Junior stood waiting, studying him intently. At last the elder Moreland resumed: “If the thing happens, and happens to our discredit, I’m not any too sure that things won’t go pretty rough with us.”
Junior laughed outright, but it wasn’t a hearty laugh, and not a mirthful one.
“Don’t you think it!” he cried. “Don’t you think it!”
Martin Moreland drew a line so deep that it cut through the blotter. “I don’t think it,” he said with a terse, cold incision that arrested Junior’s deepest attention. “I don’t think it. I know it.”
Junior stiffened slightly and stood studying him.
“There’s just one thing that can save the situation,” said the elder Moreland. “If you’re ready to go to work, go to work now on the task of finding out where that pocket book went. Find it in such a way that it will be a credit to us to have found it. Find it in such a way that it will turn public opinion in our favour. Give me the chance to be the leader in doing anything that could be done to reinstate Mahala.”

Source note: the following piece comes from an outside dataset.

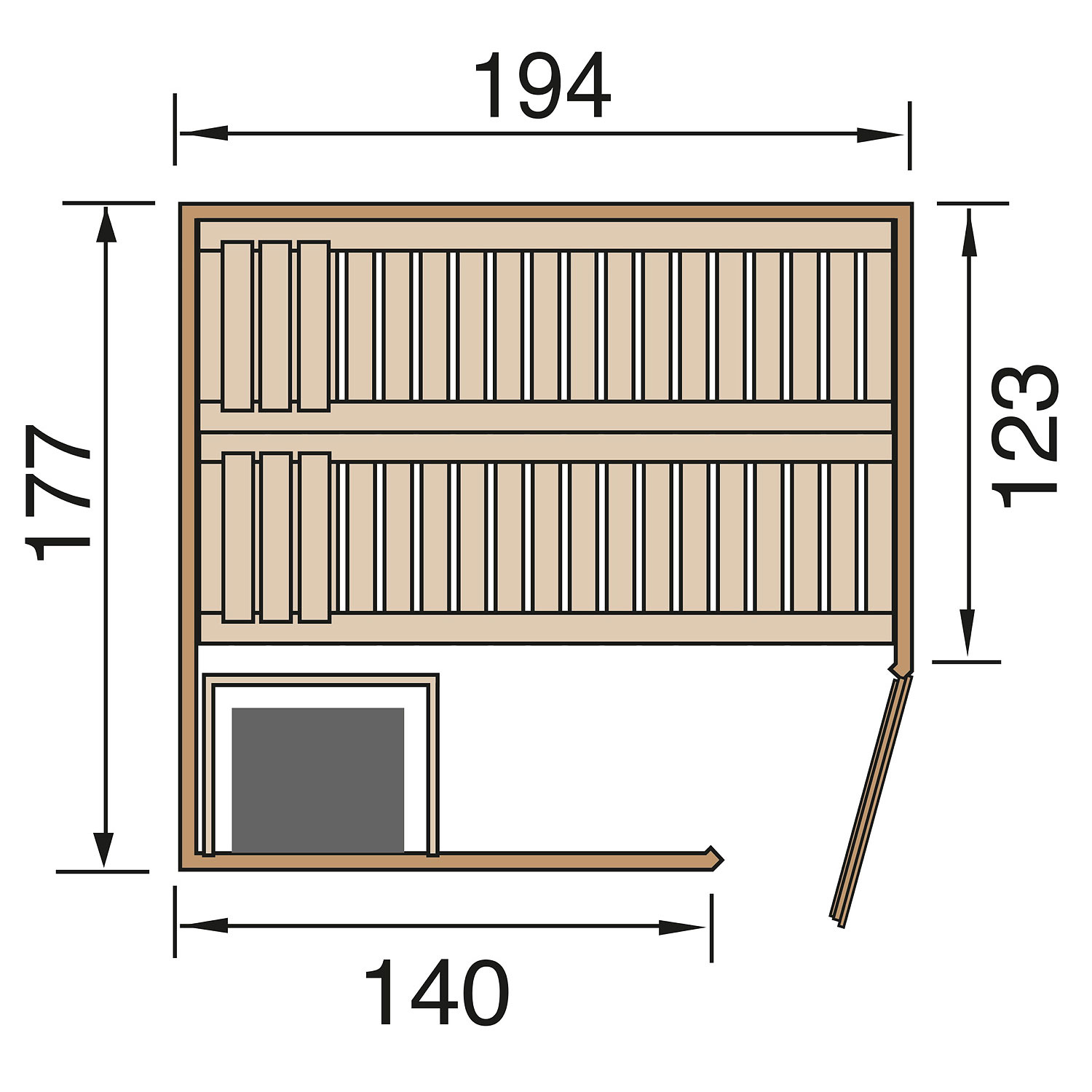 Die Sauna verfügt über ein Außenmaß von 194 cm x 177 cm. Die Grundfläche der Sauna beträgt 3,36 m².

As he finished, Junior laughed again, this time more naturally. “That’s something of a job that you’ve set for me, Pater,” he said. “I haven’t an idea in ten states where that pocket book is, but if that’s the way you feel about it, I’ll get on the job and see if I can resurrect it, or duplicate it, or do something. And in the meantime, is there anything you want me to do in connection with putting a small slice of the fear of God into the hearts of Albert Rich, and old Potter and Jason?”
The Senior Moreland thought intently a few minutes and then he said quietly: “Right there you had better stay your hand. They happen to be on the popular side right now. You had better just drop that and evade it, and get around it the best you can, and in the meantime, you had better spend some time and money on seeing how popular you can make yourself in this town right now.”

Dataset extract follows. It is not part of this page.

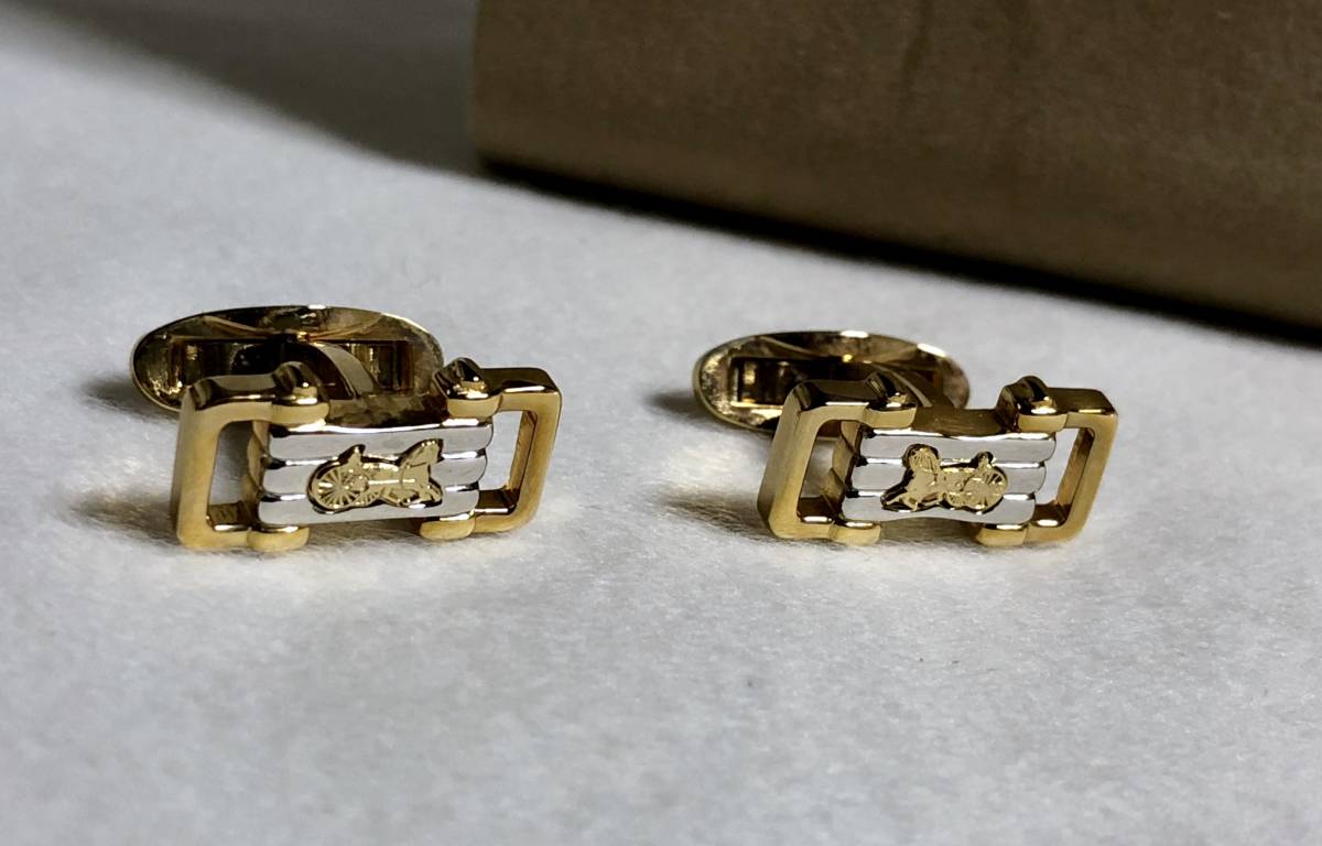 - 正規良品 激レア CELINEセリーヌ ヴィンテージ 馬車モチーフ立体カフス ゴールド×シルバー カフリンクス メインエンブレムボタン ケース有

“All right,” said Junior, “at least one of the jobs you’ve set me is agreeable. I don’t mind in the least seeing how popular I can make myself. As a matter of fact, I deeply enjoy it, and in about ten days I’ll show you an altogether different atmosphere. It’s evident to my young mind that this village has needed me, that I’m of importance on this job, and in the meantime, I think you had better take Mother and go on a vacation. If you’ll allow me to say so confidentially, you’re looking as if a keen blast of the wrath of Heaven had struck you.”
Junior left the room. Martin Moreland went on decorating the blotter. No one kept any account of the length of time he spent or the intricacy of the designs that he drew. He heard the whistles blowing for noon before he arose and reached for his hat, and as he left the room he was saying softly to himself: “‘The wrath of Heaven.’ I wonder what the wrath of Heaven can do to me?”